HealthStream Announces Third Quarter 2014 Results


NASHVILLE, Tenn. --(Business Wire)--

HealthStream, Inc. (NASDAQ: HSTM), a leading provider of workforce development and research / patient experience solutions for the healthcare industry, announced today results for the third quarter ended September 30, 2014.

Highlights:

  • Revenues of $44.5 million in the third quarter of 2014, up 32% from $33.7 million in the third quarter of 2013
  • Operating income of $4.7 million in the third quarter of 2014, up 22% from $3.9 million in the third quarter of 2013
  • Net income of $3.4 million in the third quarter of 2014, up 50% from $2.3 million in the third quarter of 2013, and earnings per share (EPS) of $0.12 per share (diluted) in the third quarter of 2014 compared to EPS of $0.08 per share (diluted) in the third quarter of 2013
  • Adjusted EBITDA1 of $7.9 million in the third quarter of 2014, up 26% from $6.3 million in the third quarter of 2013
  • New Patient Interview Center in Nashville announced

Financial Results:

Third Quarter 2014 Compared to Third Quarter 2013

Revenues for the third quarter of 2014 increased by $10.9 million, or 32 percent, to $44.5 million, compared to $33.7 million for the third quarter of 2013.

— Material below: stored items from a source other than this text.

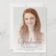 Faire-part moderne branché avec photo verticale personnalisée. Le mot "Graduate" apparaît dans la superposition du script d'écriture rose foncé, avec le nom du diplômé, l'école et l'année de graduation ci-dessous en sans serif police. Remplacez facilement l'image de l'échantillon par la photo de votre diplômé. Un écran de dégradé blanc permet de s'assurer que le texte s'affiche. Ajoutez des détails sur les réalisations de votre diplômé et les plans d'avenir à l'envers, qui comprend une bordure en faux parties scintillant en or rose sur un arrière - plan sombre.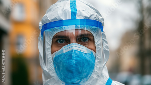 Chemiczny specjalista w odzieży ochronnej, w tym masce, goglach i zabezpieczającym kombinezonie, który podkreśla gotowość na niebezpieczne sytuacje.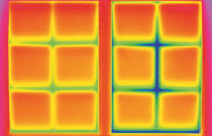 Warmer edges with SWISSPACER, cold areas are shown as blue in this thermal image.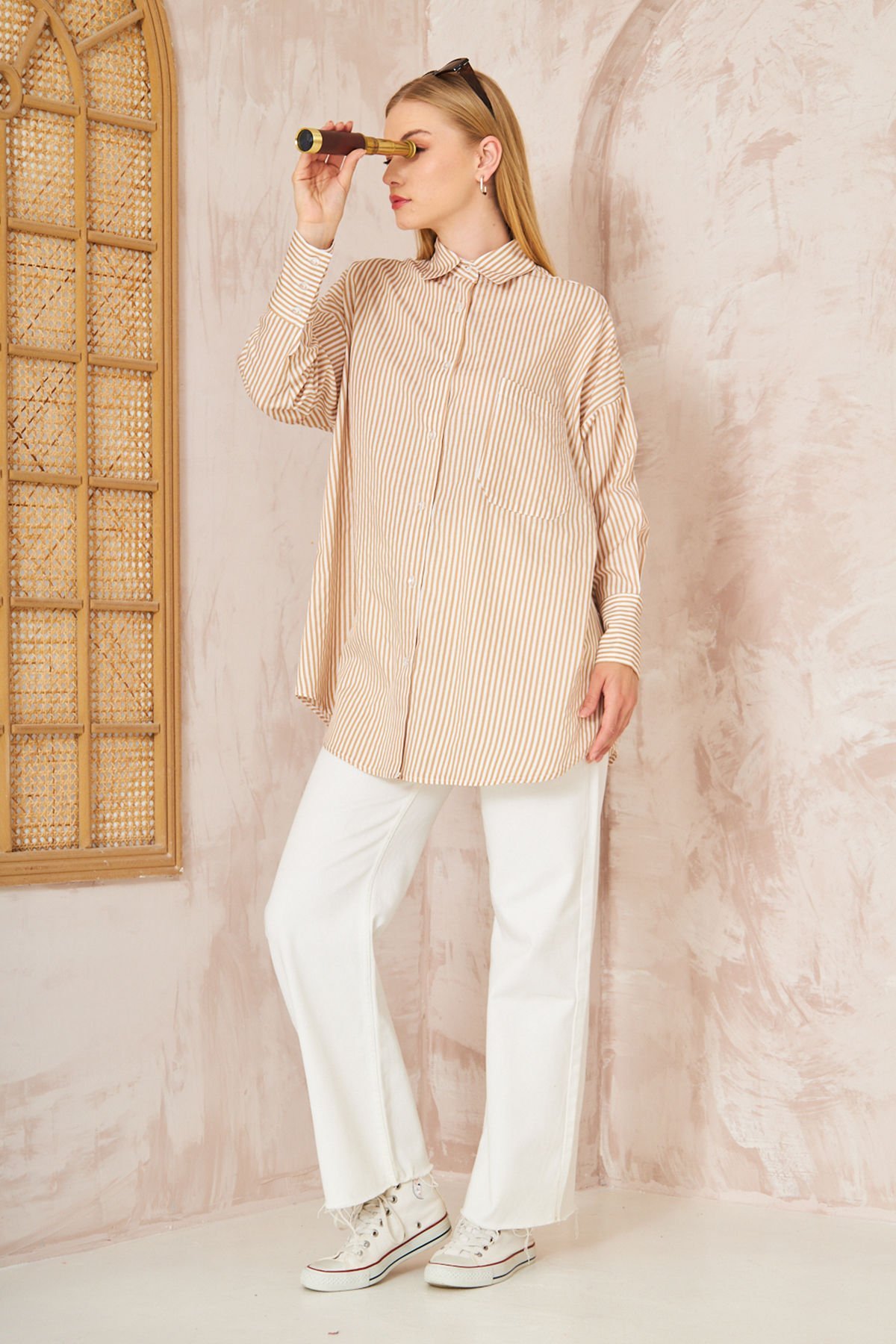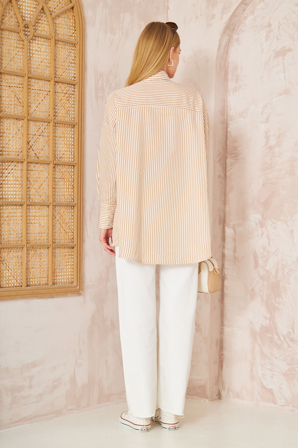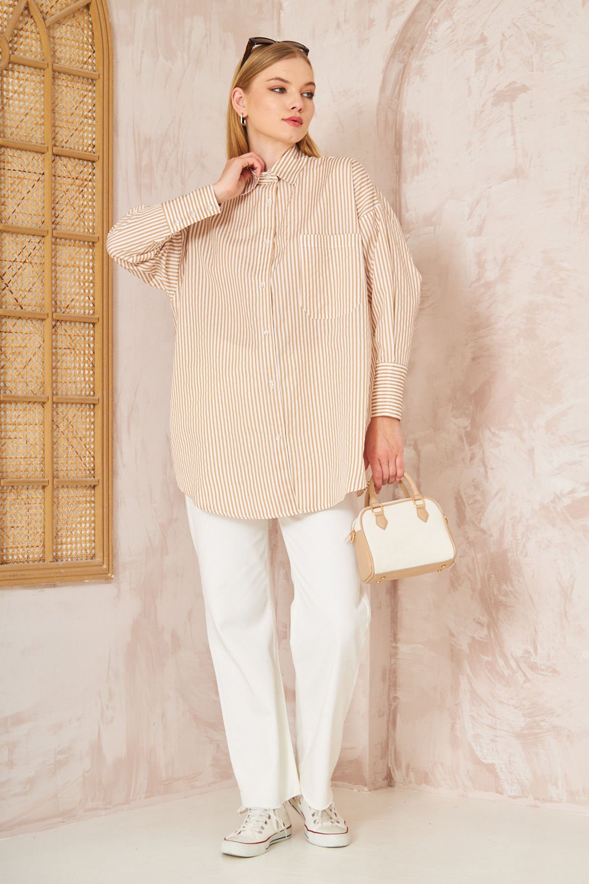 Oversıze Çizgili Gömlek 4-6676 - VİZON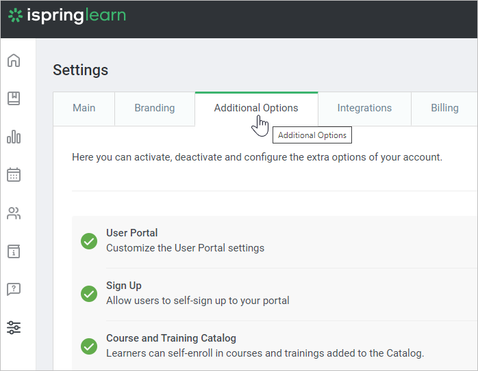 If your students or employees live in different countries and speak different languages, select a language version of your user portal. Currently, iSpring Learn includes 27 languages: English, Russian, Spanish, Simplified Chinese, Traditional Chinese, Japanese, Portuguese, German, Mongolian, French, Italian, Dutch, Finnish, Ukrainian, Norwegian, Polish, Azerbaijani, Kazakh, Romanian, Korean, Bulgarian, Czech, Uzbek, Danish, Greek, Arabic, Indonesian and Catalan.

Revenues from our HealthStream Workforce Development Solutions segment increased by $9.7 million, or 37 percent, when compared to the third quarter of 2013. Revenues from our subscription-based solutions increased by approximately $9.3 million, or 38 percent, over the prior year third quarter due to a higher number of subscribers and more courseware consumption by subscribers. Revenues in the third quarter of 2014 were positively influenced by courseware subscriptions associated with, among other products, ICD-10-readiness training. Revenues from ICD-10-readiness training products were approximately $7.4 million in the third quarter of 2014, compared to $3.9 million in the prior year third quarter. In addition, revenues from the Health Care Compliance Strategies, Inc. (HCCS) acquisition, consummated on March 3, 2014, were approximately $1.9 million during the third quarter of 2014.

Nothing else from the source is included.